Landlords have access to an extraordinary amount of data. Building keycard systems accurately track when tenants enter a building or access specific amenities. Parcel lockers monitor the volume and frequency of package deliveries. And “smart home” devices provide detailed insight into tenants’ utilities usage and other behavior. When handled with care, these types of data can be used not only to guide day-to-day property management decisions, but also to generate an additional revenue stream. Prospective data buyers include hedge funds researching industry trends, advertisers seeking to understand building demographics, and third-party data brokers simply looking to grow their data sets. Before monetizing such data, however, it is important to understand the legal landscape governing such sales. Consider asking two key questions: First, can you sell your tenants’ data? And second, should you sell that data?

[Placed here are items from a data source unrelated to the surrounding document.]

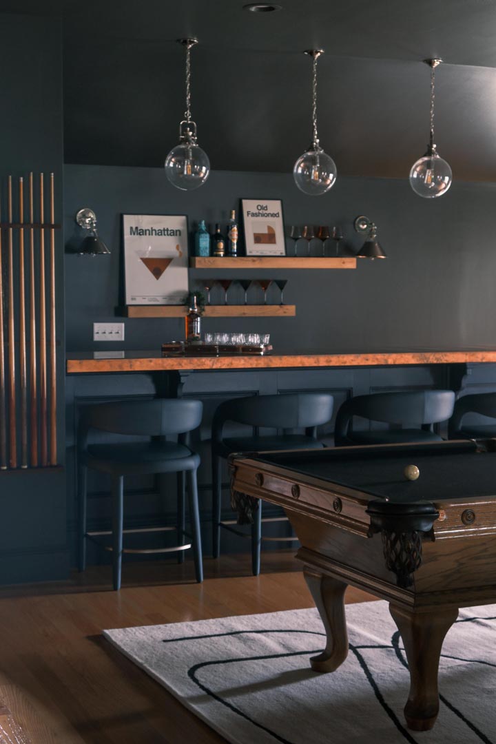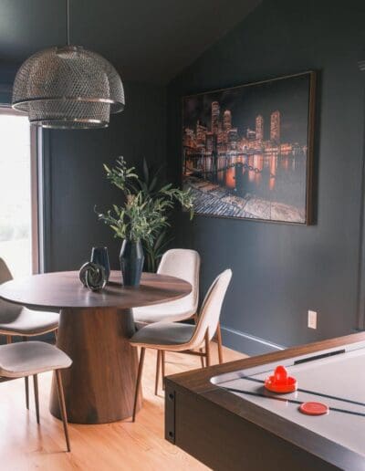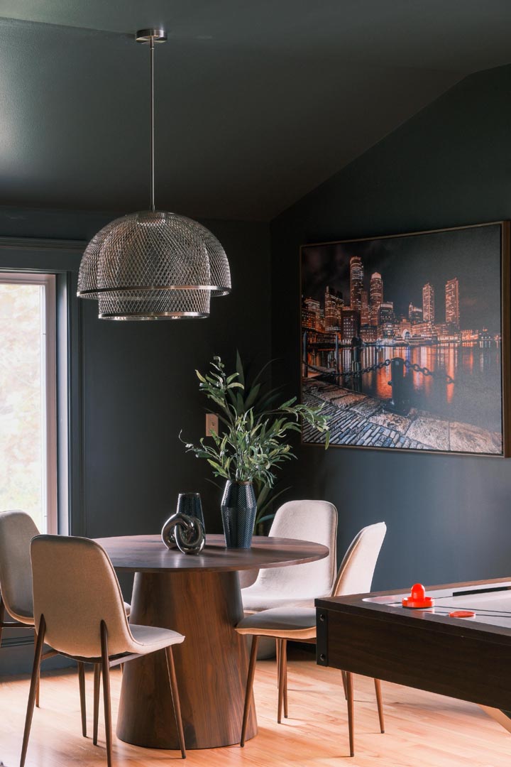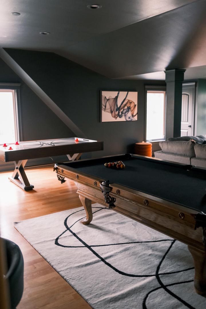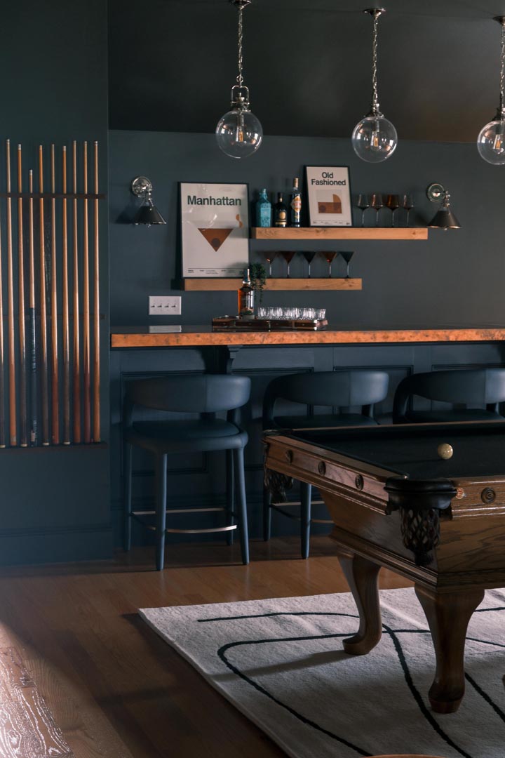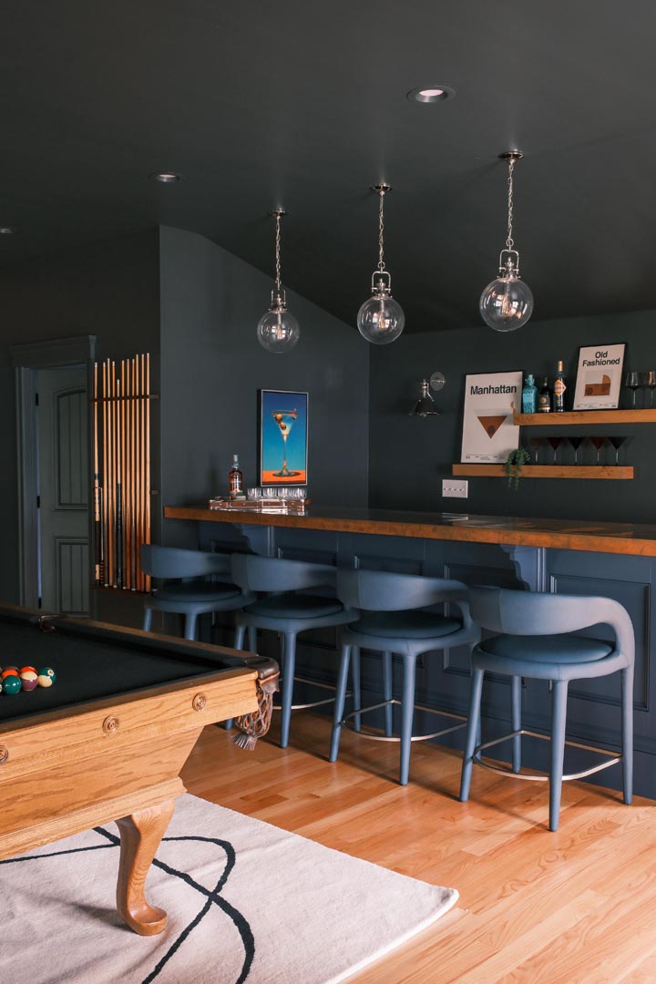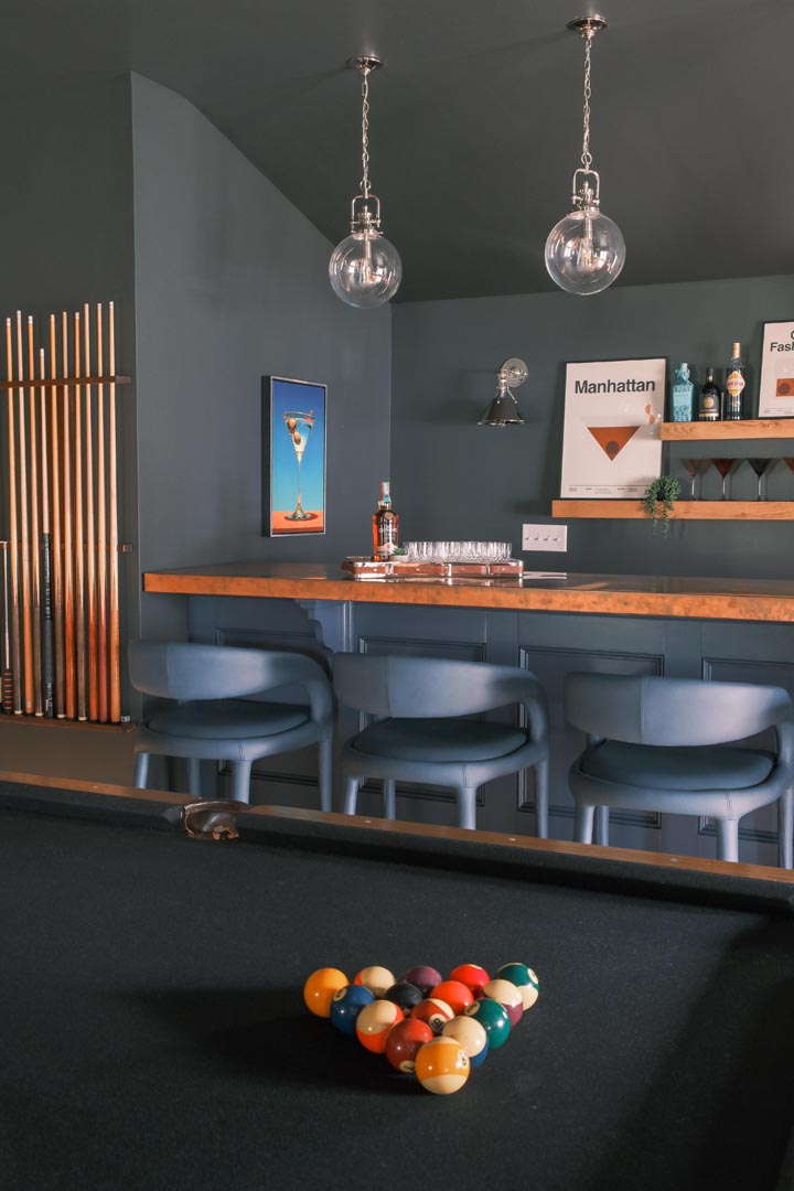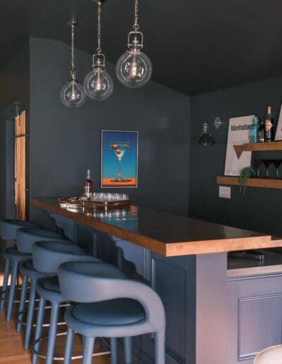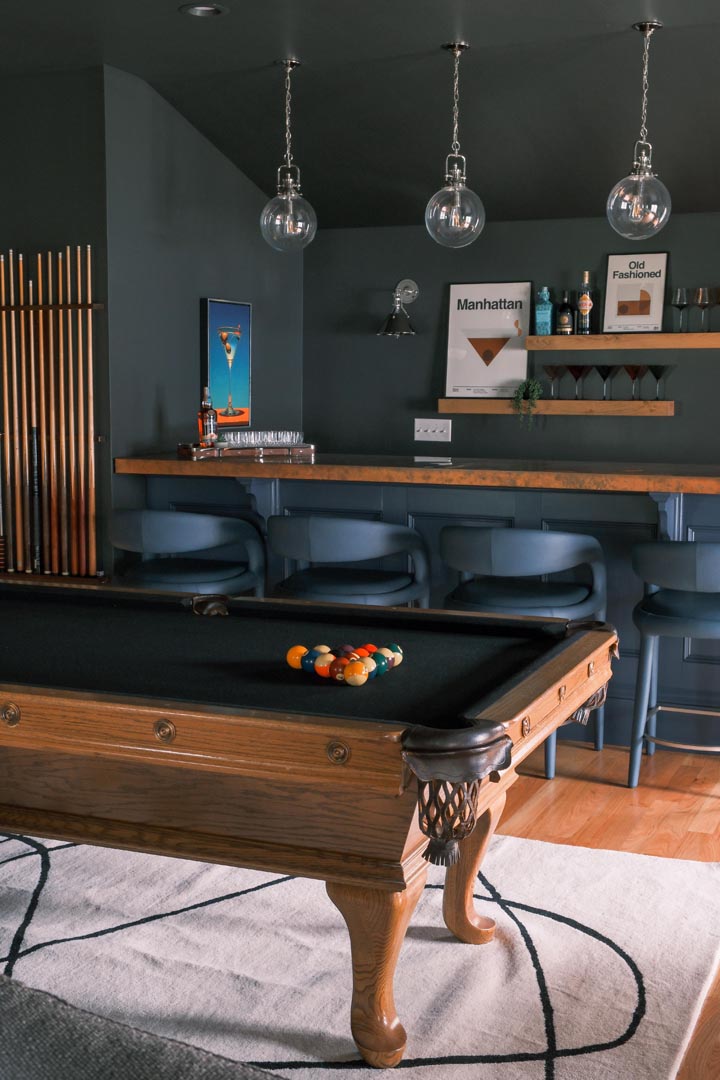 This family home in Windham, NH transformed from a simple, rustic bar setup into a modern game room designed for all ages. With moody gray tones, chrome accents, and a custom bar, the space now feels sleek, refined, and inviting. Featuring a pool table, TV, and cork dart wall, it’s the perfect spot for entertaining and relaxing together.
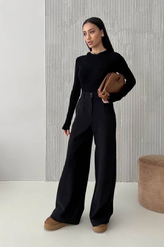 Декілька останніх років штани-палаццо не сходять з подіумів і вважаються хітом сезону. Щільна, тепла тканина – чудове рішення для весни та осені.
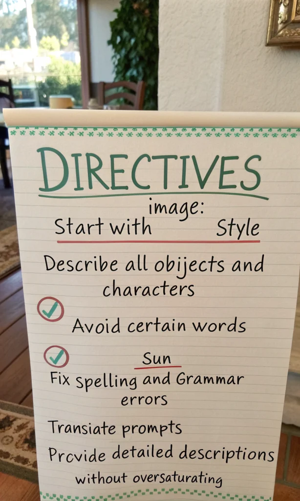 Diffusion models are not very good with words so most of the images are very hard to read. Let's try to fix this: we will use an LLM to read all these images and combine all the information into a group of rules that are present in the system prompt.
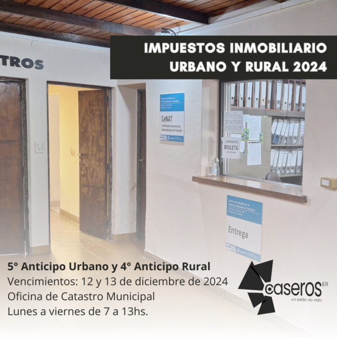 En la oficina de Catastro Municipal se encuentran para retirar las boletas correspondientes al 5° anticipo del Impuesto Inmobiliario Urbano y al 4° Anticipo del Rural-Subrural 2024. Ambos impuestos tendrán como fechas de vencimiento los días 12 y 13 de diciembre de 2024.
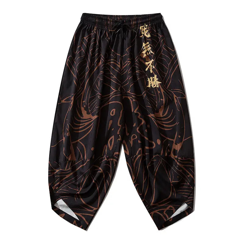 Crafted from high-quality polyester, these pants offer a lightweight feel and easy movement. The elastic waistband ensures a comfortable fit, while the unique gold kanji design adds a sophisticated touch. Elevate your wardrobe with these stylish pants—order now to embrace culture and fashion.
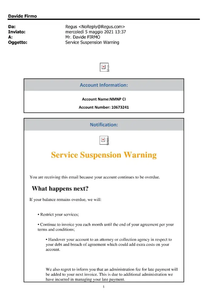 To confirm our willingness we paid today the invoice expired on 15/4/21 but it is really difficult to us to believe that this behavior come from Regus that we were planning to use with our different companies in Switzerland, Italy, Dubai and others.
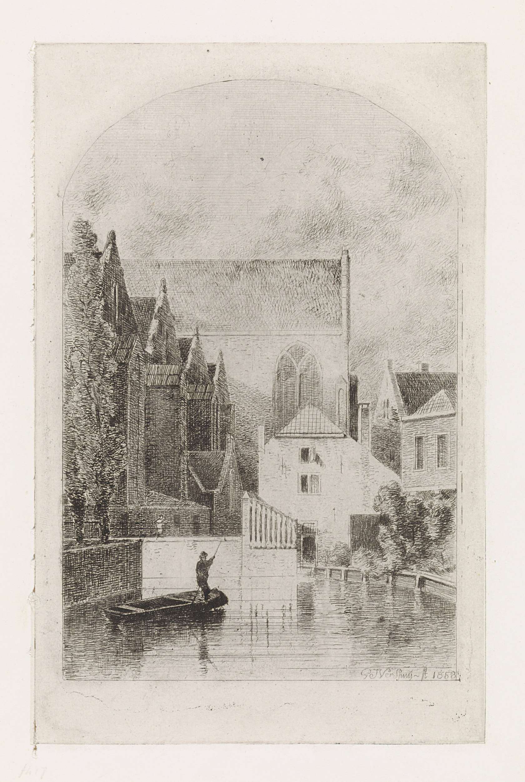 Een man boomt met een vaarboom een schuit voort in een gracht tussen huizen. In het midden een kerkgebouw.
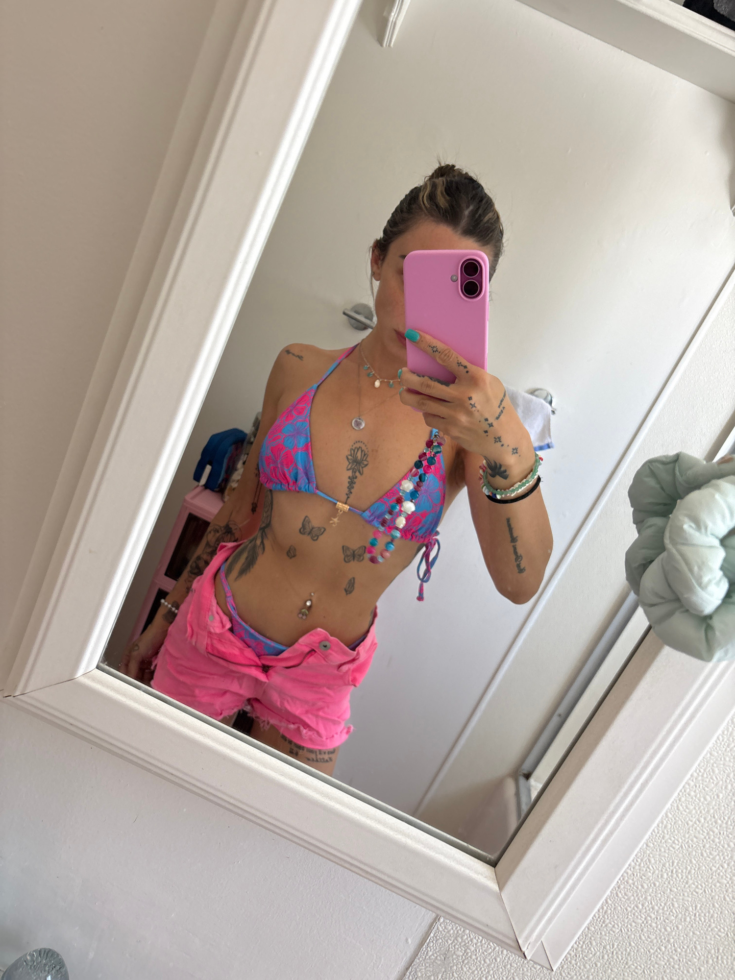 A mirror selfie, taken at an undisclosed location in Seal Beach, CA. The person is holding a pink cell phone. The person is wearing a floral bikini top, pink shorts, and jewelry. The bathroom has a wh…read more
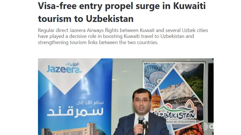“Times Kuwait” газетаси: Ўзбекистонда Кўрфаз араб давлатлари учун 30 кунлик визасиз режим сайёҳлар сонини сезиларли даражада оширди
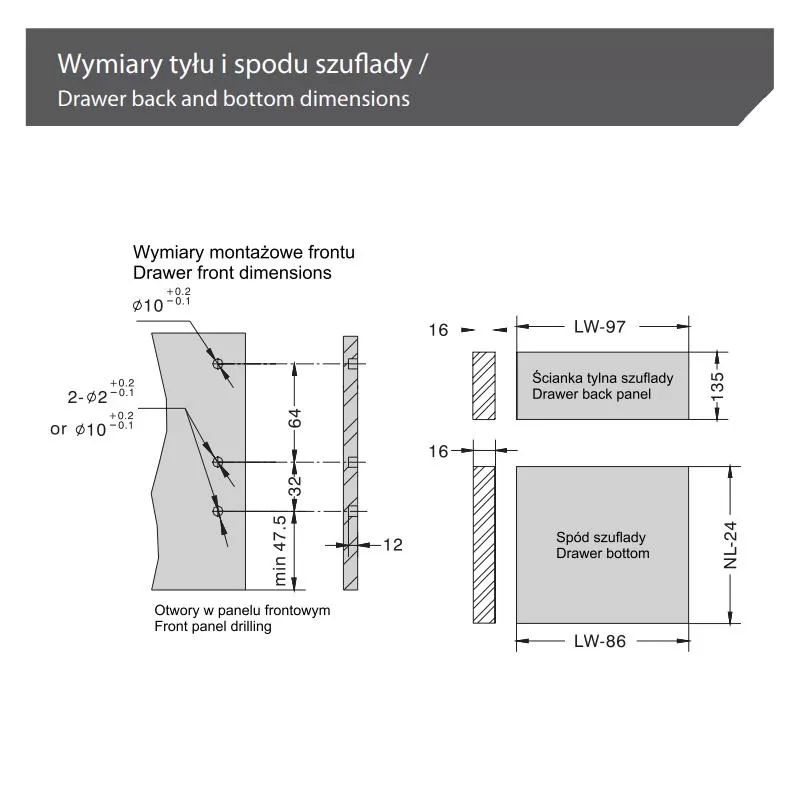 - bardzo grube, solidnie wykonane boki oraz elementy montażowe szuflad
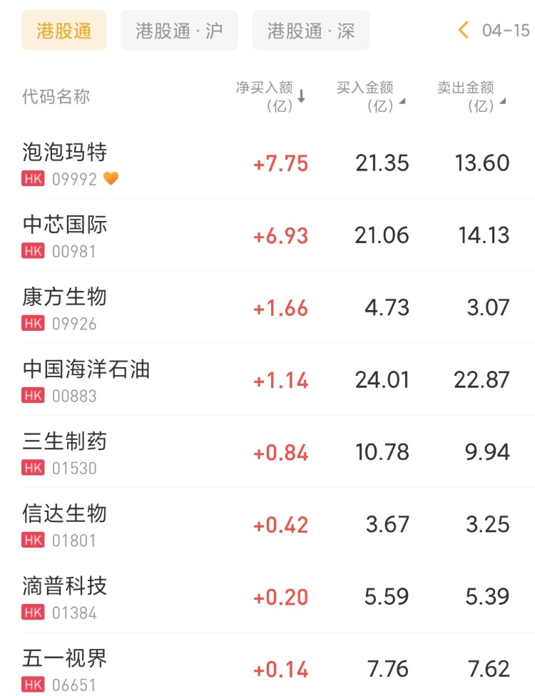 泡泡玛特、中芯国际、康方生物分别获净买入7.75亿港元、6.93亿港元、1.66亿港元;
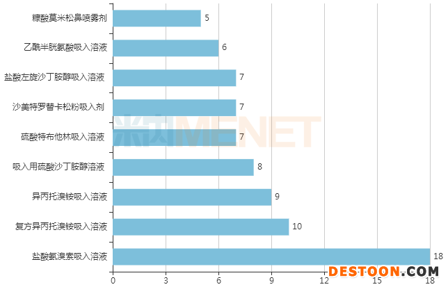米內(nèi)網(wǎng)重點省市公立醫(yī)院終端吸入劑TOP10
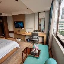 Overall, I had a highly satisfying stay and experienced five-star service from check-in to check-out. The hotel boasts an excellent location, directly opposite the Zhongshan Ophthalmic Center, reachable in just a 3-minute walk. The surrounding area is vibrant, featuring numerous commercial centers and attractions. A subway station right next door makes getting around incredibly convenient. The front desk staff were exceptional – professional, thoughtful, and with a truly customer-centric approach. I absolutely loved the room I was assigned. It was brightly lit with natural light thanks to its windows, and featured a large, high-definition TV. The in-room Wi-Fi was super fast, ensuring no lag whether I was streaming videos or working. Even with the intense sunshine these past few days, the room's powerful air conditioning kept me perfectly cool. The hotel's 11th floor offers buffet breakfast, lunch, and dinner. The ingredients were always fresh, hygienic, and delicious, making it incredibly convenient to dine indoors, especially on hot days, without needing to venture out. The front desk in the lobby also provides complimentary luggage storage. What really stood out were the thoughtful little extras, such as complimentary tea (a staff member promptly offered tea upon check-in, which was a lovely gesture), brown sugar sachets, makeup remover wipes, and masks. These details made me feel incredibly secure and at ease, contributing to a truly comfortable and trustworthy experience. Highly recommended!
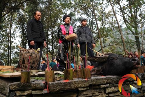 11月19日是貴州省丹寨縣揚武鎮楊頌村一年一度的苗族祭尤節,當日,苗族村民們身著盛裝歡聚一堂,舉行隆重的祭祀儀式,祭祀苗族先祖。并以跳蘆笙舞、唱苗歌的方式歡度這一古老的苗族節日。
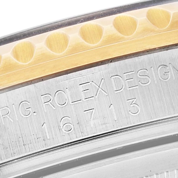 | Case: | Stainless steel and 18k yellow gold case 40 mm in diameter. Rolex logo on the crown. |
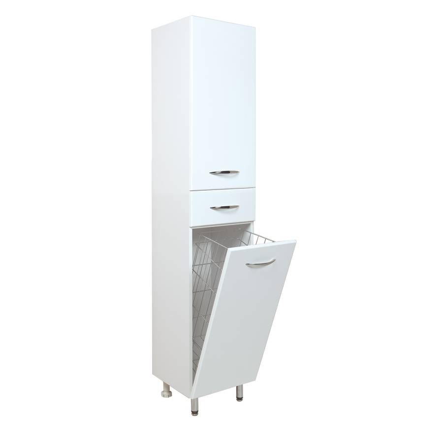 Большое отделение сверху за распашной дверцей с механизмом плавного закрывания, небольшой ящик с направляющими полного выдвижения посередине и отделение с корзиной для белья внизу шкафа обеспечит бережное хранение всех необходимых в ванной комнате вещей. Размер бельевой корзины: 270*370*630.
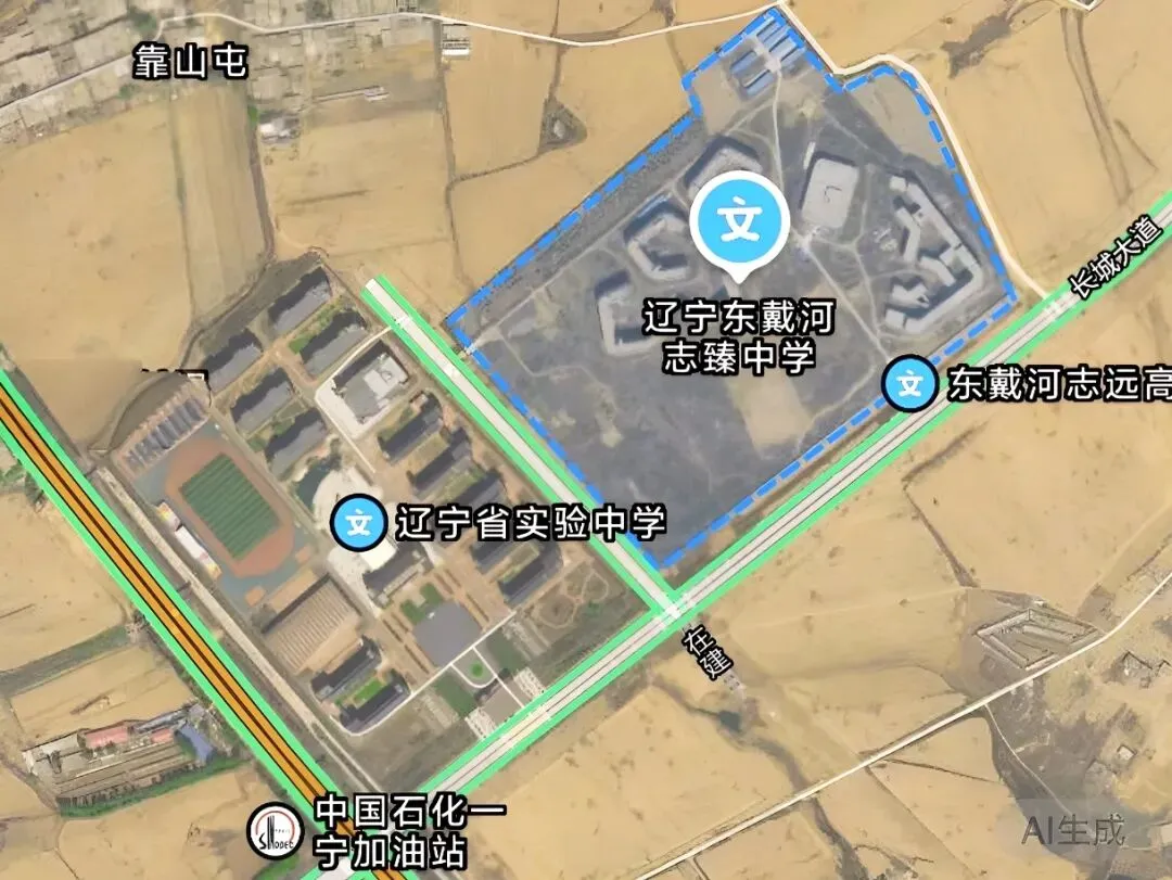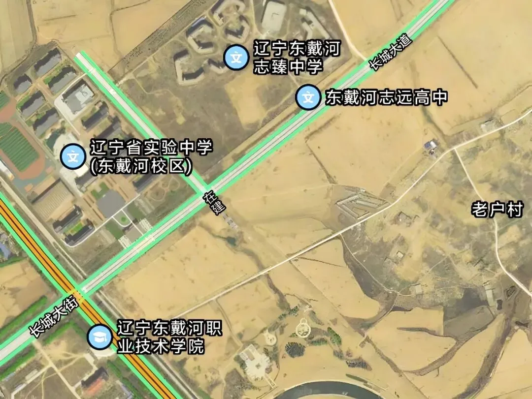 葫芦岛市东戴河职业技术学校校园规划用地300亩,总建筑面积14.4万平方米,地处长城大道南侧、东戴河大街西侧。2016-2025年绥中县参加中考人数分别是5408人、5482人、5231人、4990人、5280人、5482人、5589人、5381人、4865人、4999人。近两年降为不足5千人,但是从全国出生人数来看,明年中考人数会上升,2027年达到高峰、2029年和2031年为次高峰和次次高峰,然后又断崖式下降。距离这4所学校最近的居民区,是金丝新天地保障性住宅小区和佳兆业六期12-14号楼(属于佳兆业大二期养心岛)。金丝新天地小区占地385.1亩,总投资22亿元,建设46栋建筑,住宅占43栋。项目于2011年启动建设,分别在2016年、2018年完成安置万家、西甸子两个乡镇的4千余户回迁居民。

Can you sell your tenants’ data?

The collection, use and disclosure of data are subject to a complex patchwork of privacy restrictions, including federal and state laws, international regulations and contractual requirements. Any landlord considering selling data should work with experienced counsel to understand and proactively address potential restrictions well in advance of any data sales. Here are five frequent areas of risk exposure to keep in mind:

  1. State restrictions on data sales. Recently enacted state and local laws specifically regulate the sale of data that is capable of being associated with an individual or household. For example, the New York City Tenant Data Privacy Act prohibits the sale of tenants’ data in some contexts. Similarly, under the California Consumer Privacy Act (CCPA), a landmark privacy law initially championed by a San Francisco real estate developer, companies that have over $25 million in gross annual revenue, process large volumes of California residents’ personal data or generate more than 50% of their annual revenue from selling such data must provide California residents with notice and the opportunity to opt out of any data sales. Virginia’s Consumer Data Protection Act and Nevada’s SB-220 both impose similar obligations in some contexts. In addition, both Vermont and California have annual registration requirements for companies that sell data relating to individuals in their states with whom they do not have a “direct relationship.”
  2. Unfair and deceptive trade practices. The Federal Trade Commission (FTC) and state attorneys general routinely use laws prohibiting unfair and deceptive trade practices to investigate whether companies act contrary to the promises made in their online privacy policies. If a landlord does not clearly notify tenants that their data may be sold, or expressly promises that their data will not be sold, data sales may lead to regulatory scrutiny.
  3. Contracts. A landlord’s rights in data stored on property management software or other third-party platforms may be limited by contracts entered into with those third parties. Proper diligence is needed to confirm that proposed data use cases do not breach existing contract terms, such as license restrictions and confidentiality obligations.
  4. Sector-specific restrictions. Certain categories of data are subject to additional regulation, including protected health information, financial information, consumer reports and children’s information. In addition, certain uses of data may be restricted by law—for example, using data that is considered “material non-public information” to inform investment decisions may be prohibited by insider trading laws.
  5. International requirements. Companies that do business outside of the United States are subject to an ever-growing set of data protection requirements in other jurisdictions. For example, the EU General Data Protection Regulation (GDPR) imposes notice and consent requirements in some contexts, as well as specific restrictions on international transfers of personal data. Companies that do business in Brazil similarly should keep in mind potential obligations under Brazil’s general data protection law (LGPD). Furthermore, data sales may be subject to export control and trade sanctions requirements.

Landlords that do not comply with applicable legal or contractual requirements risk regulatory penalties including fines and injunctive relief, litigation costs and reputational damage. Careful planning can help landlords to preserve and capitalize on the value of their data assets.

Should you sell your tenants’ data?

The fact that you can sell your tenants’ data does not mean you should sell that data. Journalists and consumer advocates are quick to criticize companies who use data for unexpected purposes, and privacy is paramount in assessing when and how to sell data. Consider structuring any data sales to remove personally identifiable information or otherwise proactively protect your tenants’ privacy.


Tenant data may be an attractive source of new revenue, but landlords should proceed with caution. Careful planning can help to address privacy concerns in advance so data assets do not also become a liability.